季節は秋から冬へと移り変わる途中で、病室の窓から見える木の葉は、ほとんど落ちてしまっていた。
花瓶に飾られた野花だけが、季節から取り残されたように健気に咲いている。
学園からの帰り道に寄ってくれたのだろうか。ブレディは制服を着ていて、愛用の杖を持っていた。
「ごめん、来たけど今日はすぐ帰らなきゃいけないんだ」
申し訳なさそうに、けれど軽い調子でブレディは言った。
ほんの少しの違和感。
その声色に、いつもと違う陰りを感じる。
「そっか。わざわざ来てくれてありがとう。顔が見れただけても良かったよ」
と、私は何でもないように返す。
「また、時間がある時に来てね」
私の言葉に、深い意味はなかった。
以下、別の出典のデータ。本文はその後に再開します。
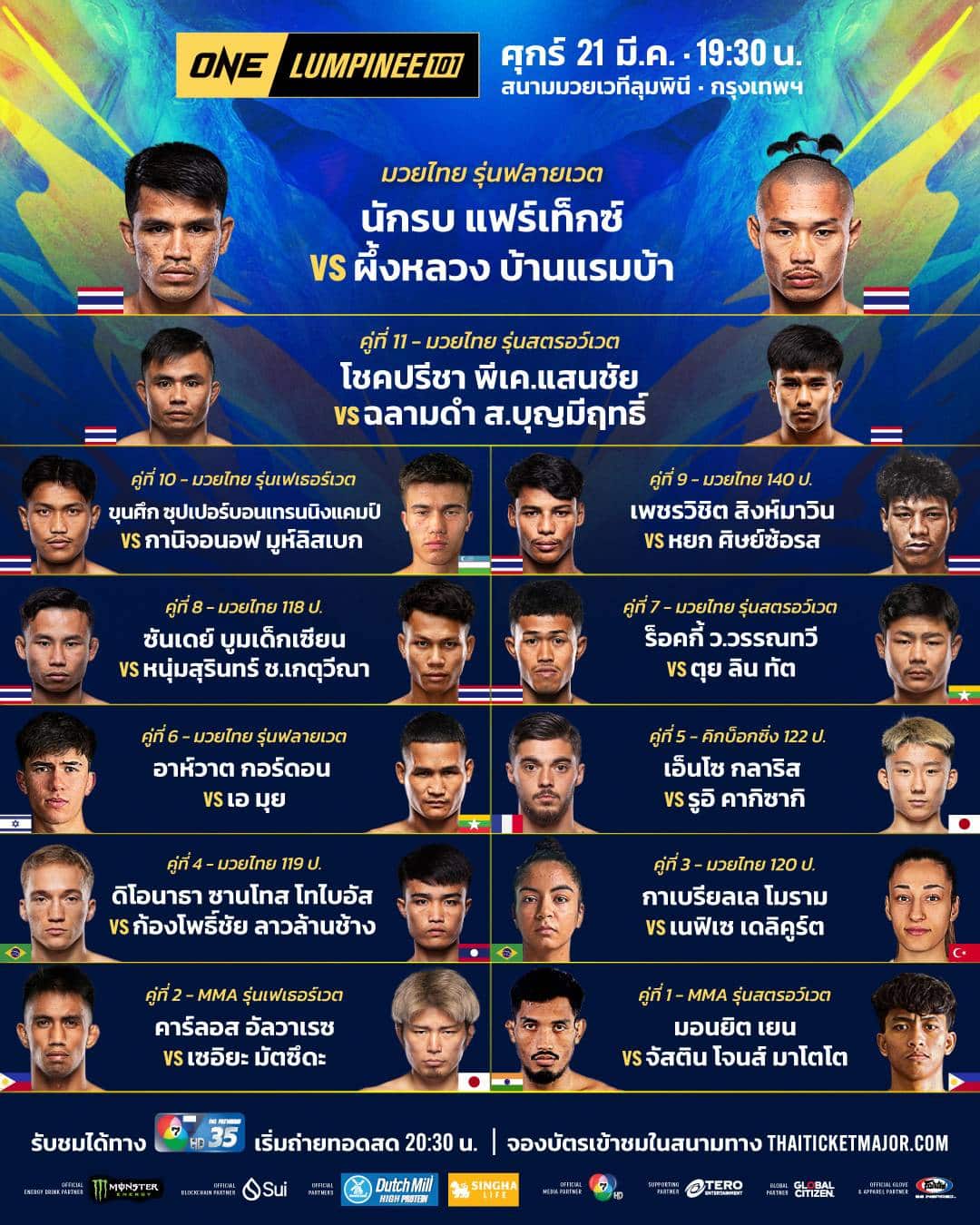 โปรแกรมการแข่งขันทุกคู่ศึก ONE ลุมพินี 101

単に社交辞令的にそう言っただけ。特別な意味のない言葉なのに、ブレディは目を見開いた。
窓の外の枝から、最後の一葉が落ちる。
彼は視線を落とすと、寂しげに笑った。
「……リア」
ブレディが私に近付き、肩に両手を置く。私たちは一瞬、間近で見つめ合うことになった。
紫水晶の瞳が揺れている。
それを認識した直後に、私の体はそっと引き寄せられた。上半身がブレディの腕に優しく閉じ込められる。
「ブレディ?」
私の力でも振り払おうと思えば、振り払えたと思う。それか私が少しでも嫌がれば、多分ブレディは離してくれた。
けれど、どちらもできなかった。
兄のように思っていた人が、泣きそうな顔をしていたから。
拒絶したらきっと、ブレディはとても傷付くだろう。
「ごめん、リア……」
どうして抱きしめられているのかも、謝られているのかもわからなくて、でもその心に寄り添いたいと、ただそう思った。
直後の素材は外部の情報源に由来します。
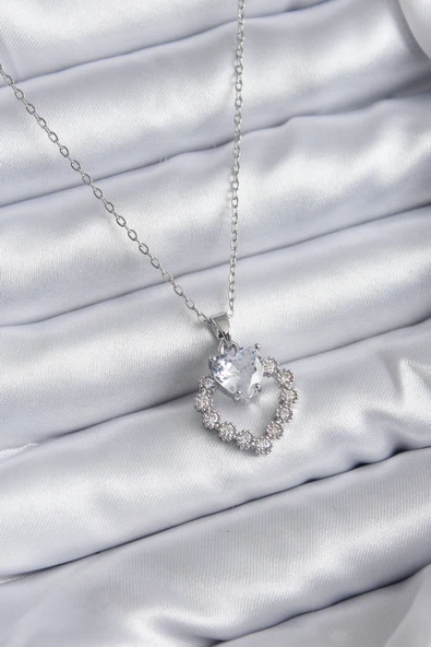 316L Çelik Zincir Gümüş Renk Zirkon Taşlı Kalp Model Kadın Kolye - TJ-BKO7829

どうしたらいいか悩む。結局、抱擁を返すことはできなかった。
少しして、ブレディは私を解放した。
「急にごめん」
「いいけど、どうしたの?」
私の質問に、ブレディは曖昧に笑っただけで答えなかった。その手は色が白くなるくらい、頑なに握られている。
「じゃあね。――元気でね」
ブレディがゆっくりとした足取りで出ていく。彼は一度も振り返らず、そのまま扉が閉じて私たちの間を隔てた。
それが、一度目の私たちの今生の別れとなった。
瞼の裏で星がちらつく。
まるで、私をどこかへ導こうとしているかのように。
*
朝の身支度をしながら、私は今朝の夢を思い返していた。
なんで、今になって急にあの夢を見たのだろう。ブレディの名前を、心の中で呟く。
一度目のブレディと私が最後にやり取りした場面の記憶――忘れていた訳ではないけれど、一度目と二度目は大きく展開が変わっている。私は入院していないし、冬に入っているのに、ブレディはここにいる。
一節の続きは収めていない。